I have two bed files (file 1 and file 2)....which have common SNPs along with chromosome numbers and regions. File 2 has few SNP ids (along with chromosome number, start and end sites) which are already in file 1.

I am a completely new entry into this field. I am told I can use Bedtools to combine the above files and write a command in UNIX to perform and create one single bed file with no repetitions.

May I please know what commands I should use to combine two bed files but with no common data set in the resulting bed file?

I will eagerly wait for your kind reply.

Thank you,
Maruthi

next-gen • 8.6k views

ADD COMMENT • link updated 18 months ago by Ram 43k • written 8.7 years ago by maruthi ▴ 10

Ram · Answer 1 · 2015-08-19

1

Entering edit mode

8.7 years ago

Alex Reynolds 35k

May I please know what commands I should use to combine two bed files but with no common data set in the resulting bed file?

This seems like a different question. You can use BEDOPS bedops --not-element-of to remove elements from one BED file that overlap those in a second BED file:

$ bedops --not-element-of 1 first.bed second.bed > answer.bed

In this example, the file answer.bed contains elements exclusive to the file first.bed.

I recommend using BEDOPS sort-bed to sort BED files to use with BEDOPS tools. It runs faster than GNU sort and has fewer restrictions than other tools:

$ sort-bed unsorted.bed > sorted.bed

ADD COMMENT • link updated 18 months ago by Ram 43k • written 8.7 years ago by Alex Reynolds 35k

0

Entering edit mode

Thank you Alex. I will try your suggestion as well. Thank you.
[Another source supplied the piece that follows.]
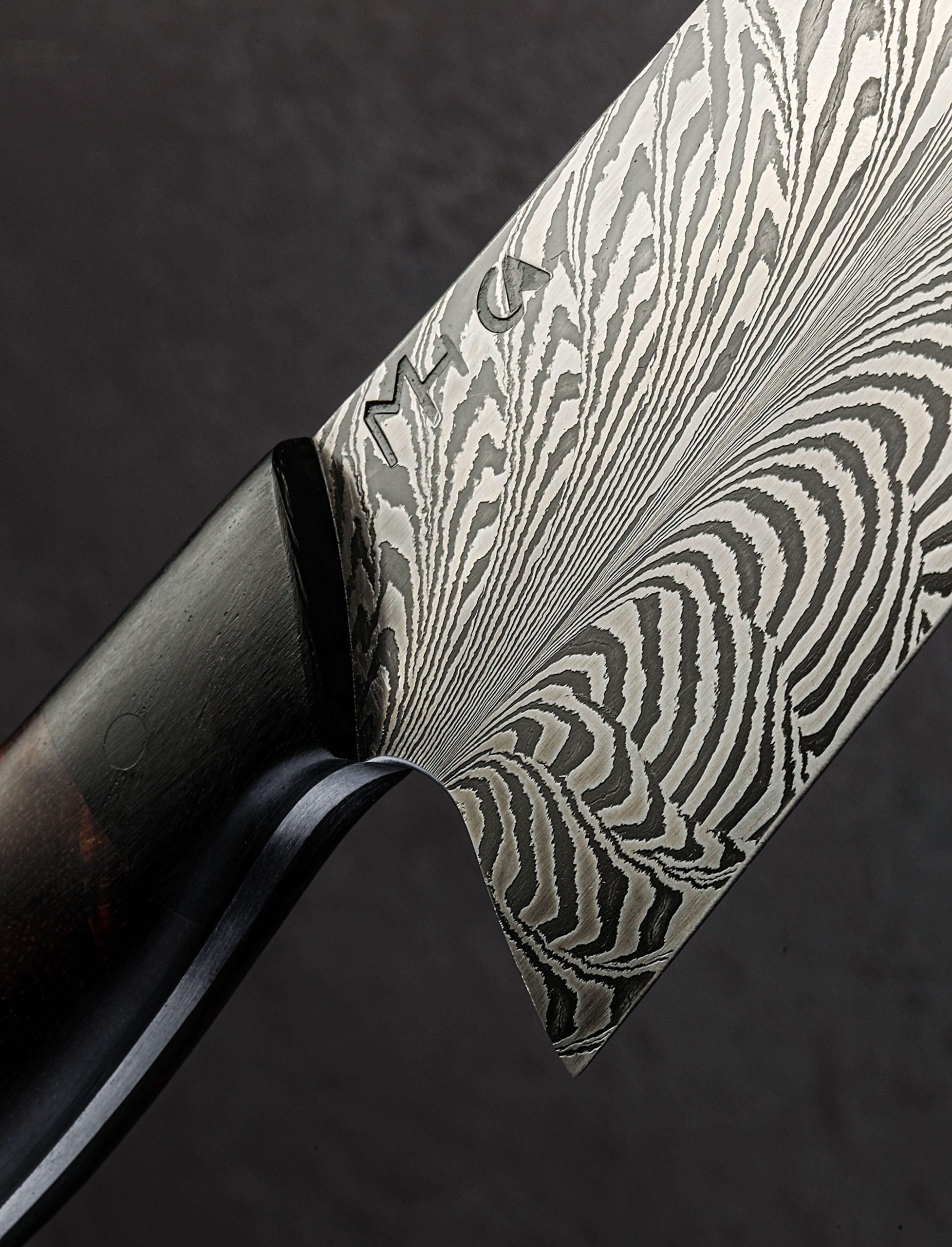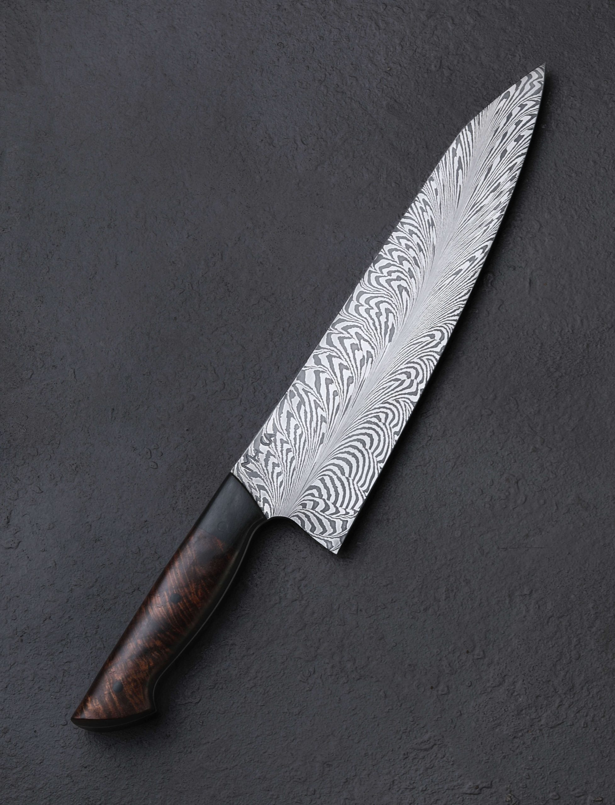 Austrian bladesmith Martin Huber begins by layering bars of 02 and 15n20 carbon steel alloys to form the initial damascus pattern. That pattern is then cut, stacked, and manipulated to create a tiled mosaic. The resulting piece of material is then ‘feathered’ by Martin to produce the bold, flowing effect seen coursing through the blade of this 230mm / 9.1″ chef knife. The magic, of course, does not end there. A prolific maker of full-size, one-of-a-kind heirloom chef’s knives, Martin imbues this blade with the same balance, versatility, and performance-based geometry we expect of his heirloom work. The blade’s tall bevels are subtly convex before slimming to quite a thin cross section at, and above, the fine, razor-sharp edge. Rounded and soft to the touch for comfort in the pinch grip, the blade’s spine tapers progressively, beginning at nearly 3.5mm out of the handle before halving to just 1.6mm at the midway point, and further to less than 1mm an inch from the glass thin, needle-like tip. Due to this careful shaping, the blade is a workhorse in the rear where the spine is stiff and the edge honed for chopping, while it enjoys a touch of lateral flexibility in the forward inches where it will excel at precise slices and detail work. Complementing the damascus steel’s handsome pattern is the striking, natural grain of curly Hawaiian koa wood surrounding a tapering, full blade tang. In front of the koa are bolsters of ancient bog oak to complete a handle sculpted into a comfortable Western form, all secured by three flush, black G10 pins.

ADD REPLY • link 8.7 years ago by maruthi ▴ 10

Ram · Answer 2 · 2015-08-19

As in the website of Bedtools: http://bedtools.readthedocs.org/en/latest/content/tools/merge.html

bedtools merge requires that you presort your data by chromosome and then by start position (e.g., sort -k1,1 -k2,2nin.bed > in.sorted.bed for BED files).

then you can

bedtools merge [OPTIONS] -i <BED/GFF/VCF/BAM>

after merge all files you want to remove duplicates,

I found a discussion about this here: https://groups.google.com/forum/#!topic/bedtools-discuss/2o7oUgBwebw

As they suggested, you must define duplicates.

[1] "Want you to remove entries where _every_ column is identical?" (easy) or

[2] "Want you to remove entries where the coordinates are the same but for example, the names are different?" (not easy)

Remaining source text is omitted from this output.